Insurance companies are reducing cost and providing better customer experience by using automation, digitizing the business and encouraging customers to use self-service channels. With the advent of AI, companies are now implementing cognitive process automation that enables options for customer and agent self-service and assists in automating many other functions, such as IT help desk and employee HR capabilities.

The introduction of ChatGPT capabilities has generated a lot of interest in generative AI foundation models. Foundation models are pre-trained on unlabeled datasets and leverage self-supervised learning using neural networks. Foundation models are becoming an essential ingredient of new AI-based workflows, and IBM Watson® products have been using foundation models since 2020. IBM’s watsonx.ai™ foundation model library contains both IBM-built foundation models, as well as several open-source large language models (LLMs) from Hugging Face.

The supervised learning that is used to train AI requires a lot of human effort. It is difficult, requires intensive labeling and takes months of effort. On the other hand, self-supervised learning is computer powered, requires little labeling, and is quick, automated and efficient. IBM’s experience with foundation models indicates that there is between 10x and 100x decrease in labeling requirements and a 6x decrease in training time (versus the use of traditional AI training methods).

To achieve digital transformation with AI, insurance companies need to get a good understanding of structured and unstructured data, organize it, manage it in a secure manner (while complying with industry regulations) and enable instant access to the “right” data. This capability is fundamental to providing superior customer experience, attracting new customers, retaining existing customers and getting the deep insights that can lead to new innovative products. It also helps improve underwriting decisions, reduce fraud and control costs.

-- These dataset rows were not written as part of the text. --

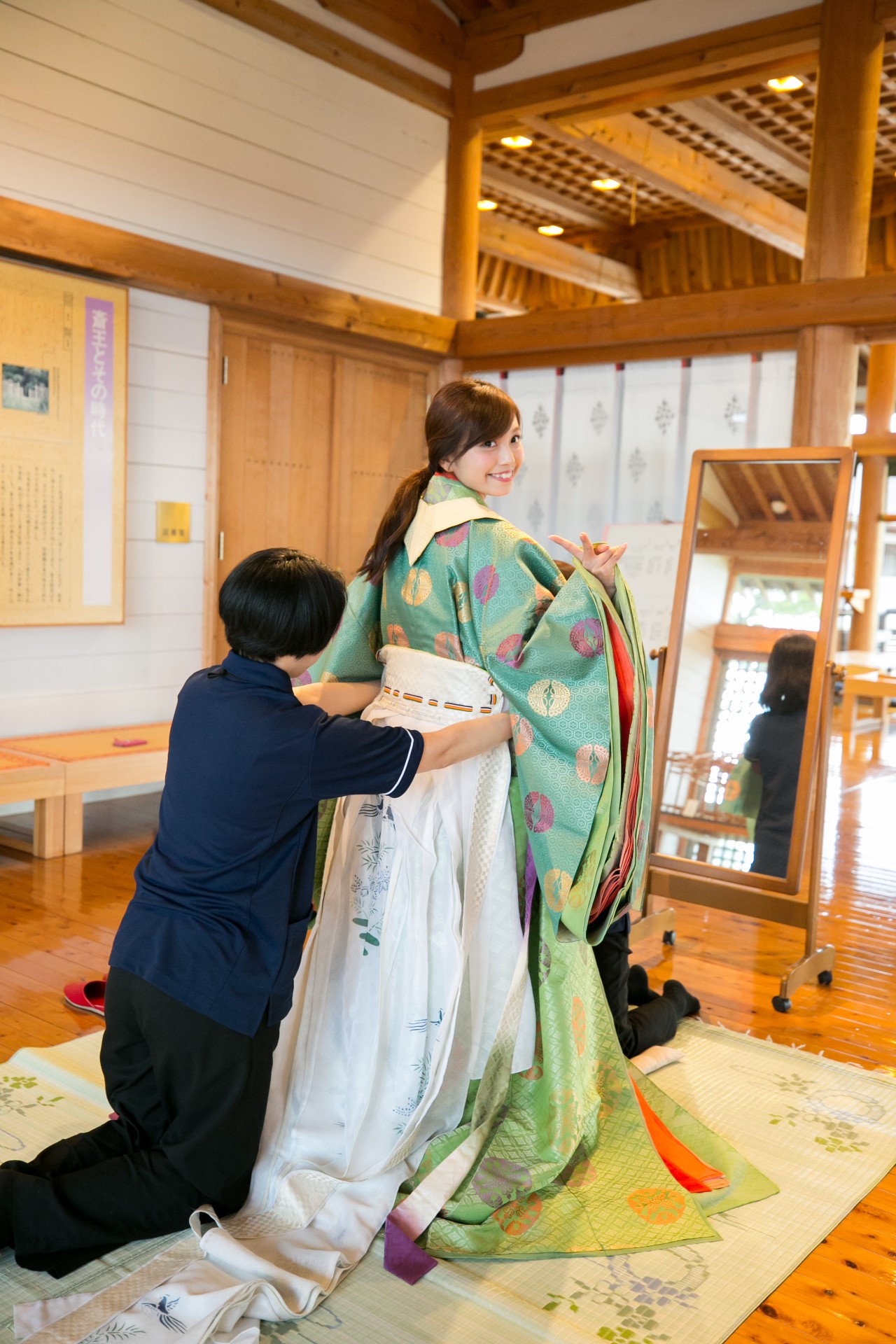 斎宮がもっとも栄えていたという平安時代の歴史、文化、技術を体験できる施設。「平安装束試着体験」では、当時の衣装を着て記念撮影も行えます(有料、要予約)。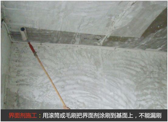 用滾筒或毛刷把界面劑漿料涂刷到基面上,不能漏刷。待水分揮發(fā),表面發(fā)黏、收漿,接近初凝,而后續(xù)材料可以壓入又不下滑,即可進行后續(xù)墻面材料粘附施工。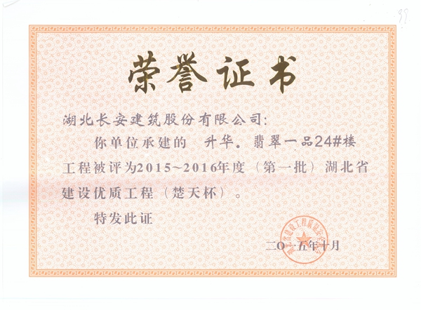 升華翡翠一品24號(hào)樓省建設(shè)優(yōu)質(zhì)楚天杯2015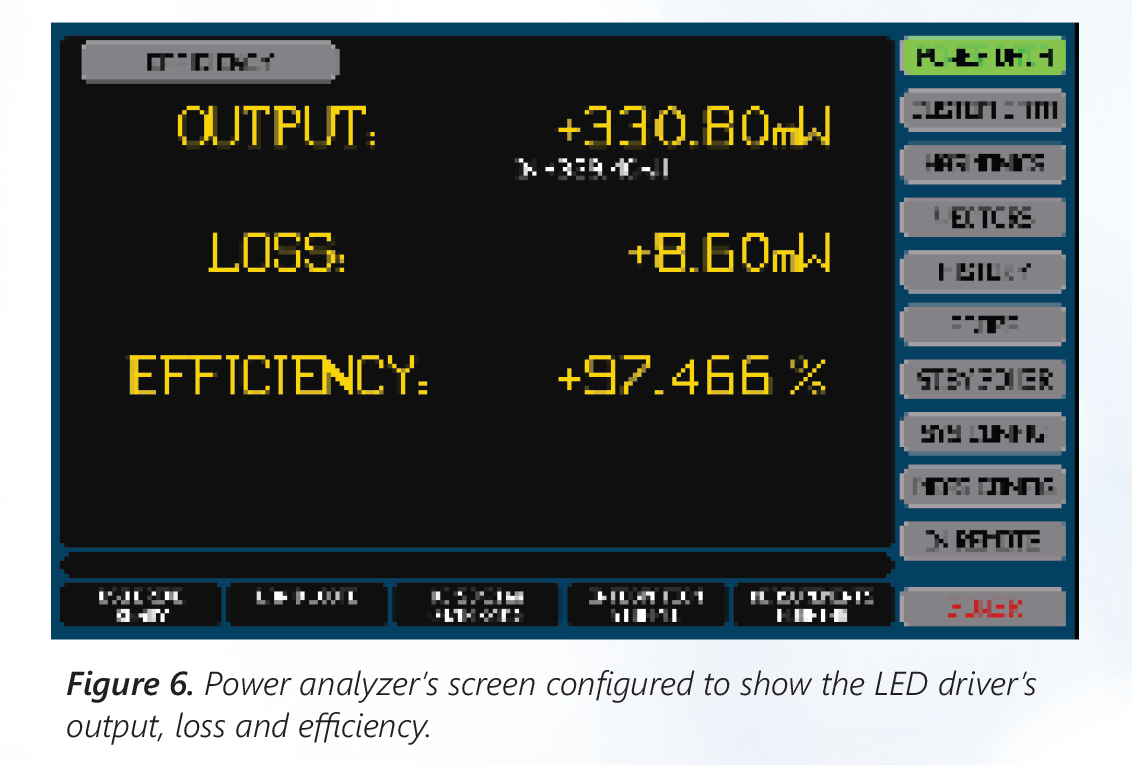 The power analyzer’s power data screen (Figure 2) makes it easy for the user to check to see if LED applications meet all required specifications by showing the following parameters: voltage, current (ripple), power, apparent power (VA), reactive power (VAR), power factor (PF), frequency and efficiency.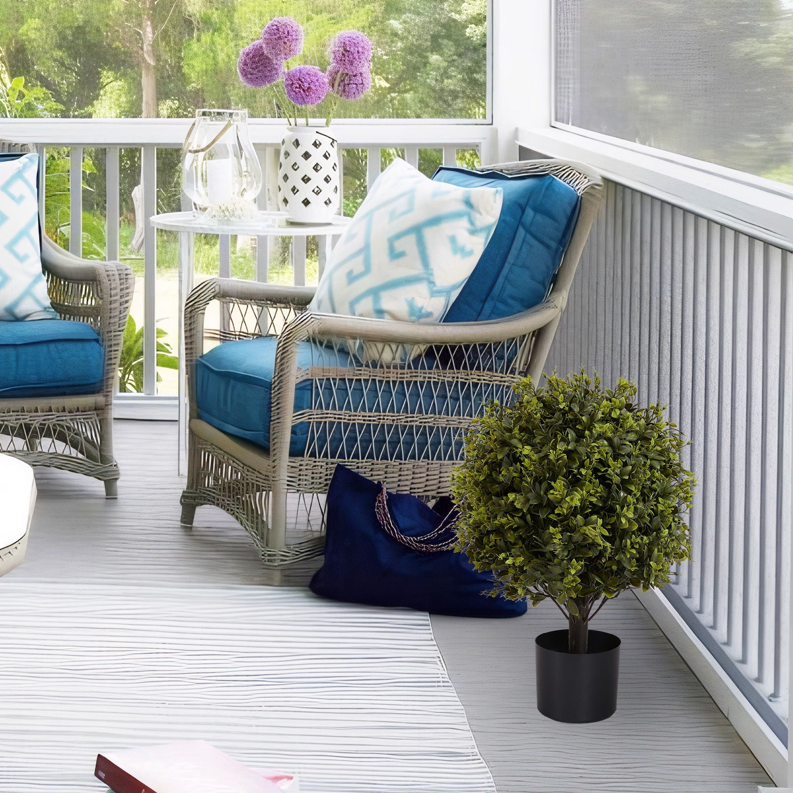 Artificial Ball Topiary Tree Decoration In Pot (Set of 2) - Green

Leading insurers in all geographies are implementing IBM’s data architectures and automation software on cloud.

Generative AI capabilities that enable today’s digital transformation can be placed in five domains:

  1. Summarization: Transform text in large documents, voice conversations and recordings with domain-specific content into personalized overviews that capture key points (such as insurance contracts, policy and coverage documents, and responses on customer FAQs).
  2. Classification: Read and classify written input with as few as zero examples (such as classifying claims requests, sorting customer complaints, analyzing customer sentiment, classifying risk during insurance underwriting and analyzing customer segmentation for insurance product development).
  3. Generation: Generate text content for a specific purpose (for example, marketing campaigns with a focus on specific insurance products, blog posts and articles for various insurance-related topics, personalized customer email drafting support and code generation for use by insurance technology systems).
  4. Extraction: Analyze and extract essential information from unstructured text (such as extracting information from insurance agent-filed reports, extracting medical diagnosis from physician or clinical reports for use in insurance underwriting and evaluating risk).
  5. Question-answering: Create a question-answering feature grounded on specific data (for example, build policy and coverage-specific Q&A resource for customer service agents).

As insurance companies start using generative AI for digital transformation of their insurance business processes, there are many opportunities to unlock value.

IBM’s work with clients shows significant productivity gains when using generative AI, including improving HR processes to streamline tasks such as talent acquisition and managing employee performance; making customer care agents more productive by enabling them to focus on higher value interactions with customers (while digital channel virtual assistants using generative AI handle simpler inquiries); and saving time and effort in modernizing legacy code by using generative AI to help with code refactoring and conversion.